Google’s “Editorial Input” from Personalized Search Could Kill Objectivity

According to an article in The Register, Google’s Vice President of Search Product and User Experience, Marissa Mayer, observed that editorial judgments may play a key role in Google searches in the near future. Mayer made her comments at the Le Web conference in Paris on December 10th. If this change does materialize, the editorial input would come from Google’s “personalized search” as represented by its new Search Wiki. It would turn the search industry upside-down, and would likely compromise Google’s search objectivity.

First, let’s examine what Search Wiki is. Search Wiki is a Google service that appears next to your search results if you are logged in. Let me emphasize this: you must be logged in to a Google account in order for this service to appear.

Search Wiki is represented by three little icons – an arrow pointing up, an “X”, and a comment symbol that looks like a dialog balloon from a cartoon. The arrow allows you to promote a search result to the top of a set of search results. The “X” allows you to remove that search result from future searches (presumably with that same set of search terms), and the balloon allows you to create a note and attach it to a given result.

Currently, the editorial decisions that you make are visible only to yourself when logged in to Google (“signed-in searches”), and do not affect the searches made by others. Not yet, anyway.

The idea behind it is to maintain the state of your search. In other words, wouldn’t it be nice if you could pick up from where you left off if your research is a ongoing effort taking hours, days or weeks? Say you started a search, and thought that the second result was the best, the fifth one was complete garbage, and the eighth result led to a page that had some partially relevant information, but you had to remember what was so special about it. Search Wiki provides tools for these purposes.

The problem is that Google is considering aggregating everybody’s personalized searches and using that information to help determine search rankings. This represents a major change in how Google ranks pages.
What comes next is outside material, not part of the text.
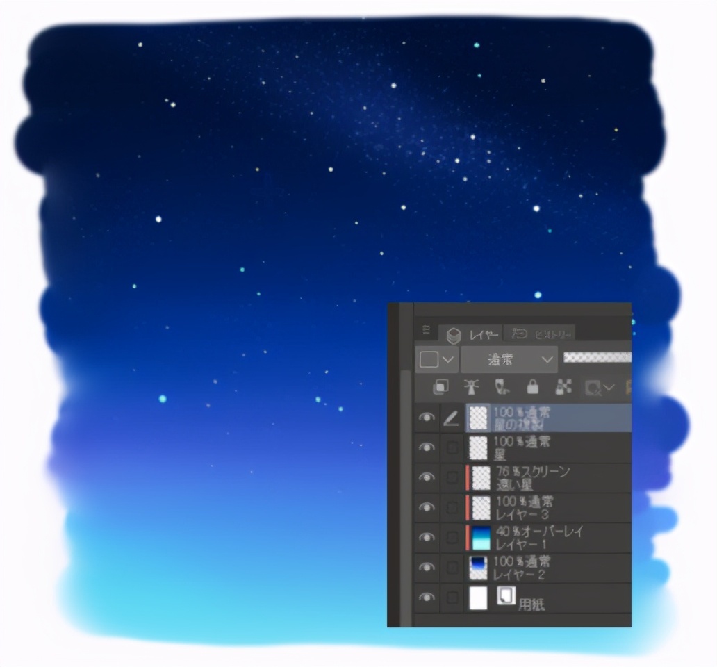 用渐变画出星空,在其上添加一张图层,用喷枪淡淡画出银河的朦胧感。

When there is a particularly strong movement in rankings, they refer to this as a “signal.”  Google believes that if they get a strong signal about a certain topic, then they will rank it higher. A couple examples are politics and holidays. Every four years, a stronger signal will appear with such topics as “Republican” and “Democrat.” “Christmas” and “Halloween” will pop up every year. And in this case, searches will have seasons.
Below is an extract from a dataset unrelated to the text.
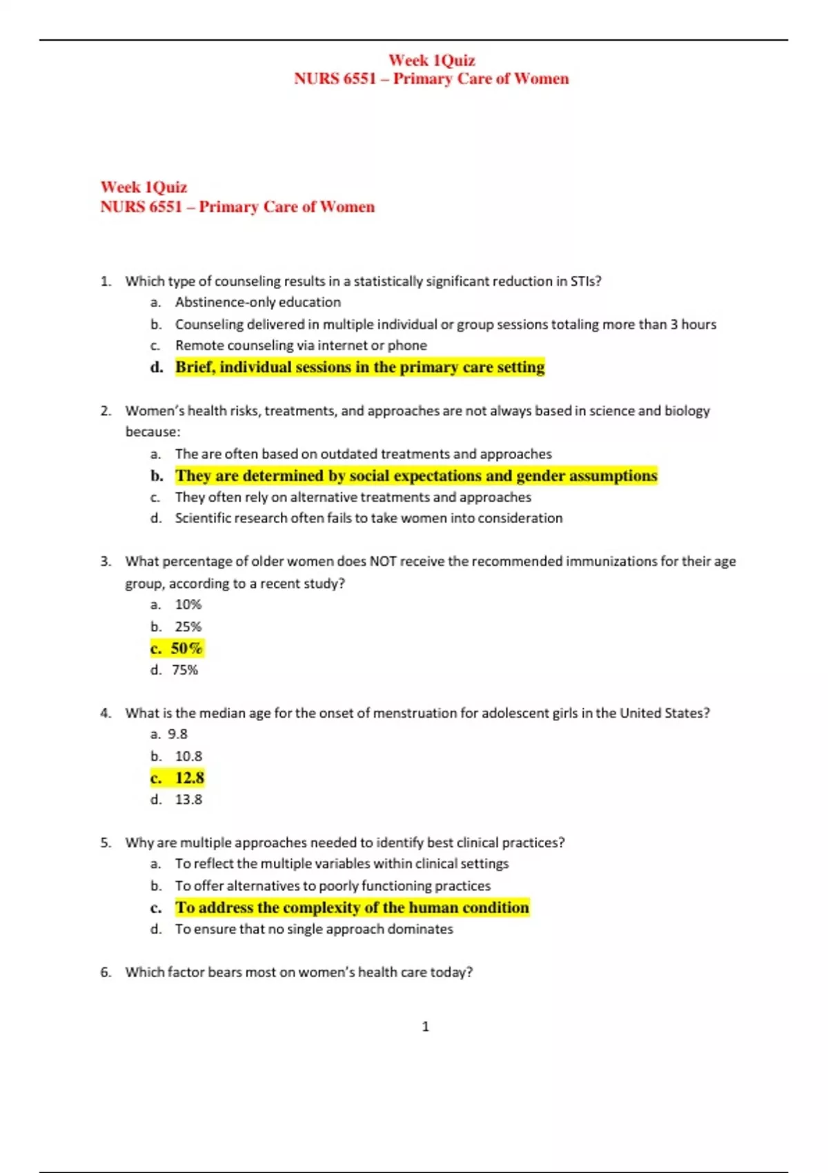 Which type of counseling results in a statistically significant reduction in STIs? a. Abstinence-only education b. Counseling delivered in multiple individual or group sessions totaling more than 3 hours c. Remote counseling via internet or phone d. Brief, individual sessions in the primary care setting 2. Women’s health risks, treatments, and a

But when you feed the signal back into the underlying data by, say, skewing the search results which then filters information from view, it can amplify the signal – thus distorting the results.

Consider a political topic – something that generates much more heat than light. Such extreme points of view would trounce and possibly eliminate the reasoned middle of opinions and consequently erase or severely demote their search results. It’s like expecting to get facts on a subject that’s in the political spotlight, and finding only what the rabid supporters of the DailyKos have decided is important. It’s a new form of Googlewashing – gaming the system to skew search results.

Google’s possible use of aggregated personalized search data represents not the democratization of search, but the polarization, mob mentality and statistical distortion of search. How long before a competitor rolls out “True-Search” or “Objective Search”?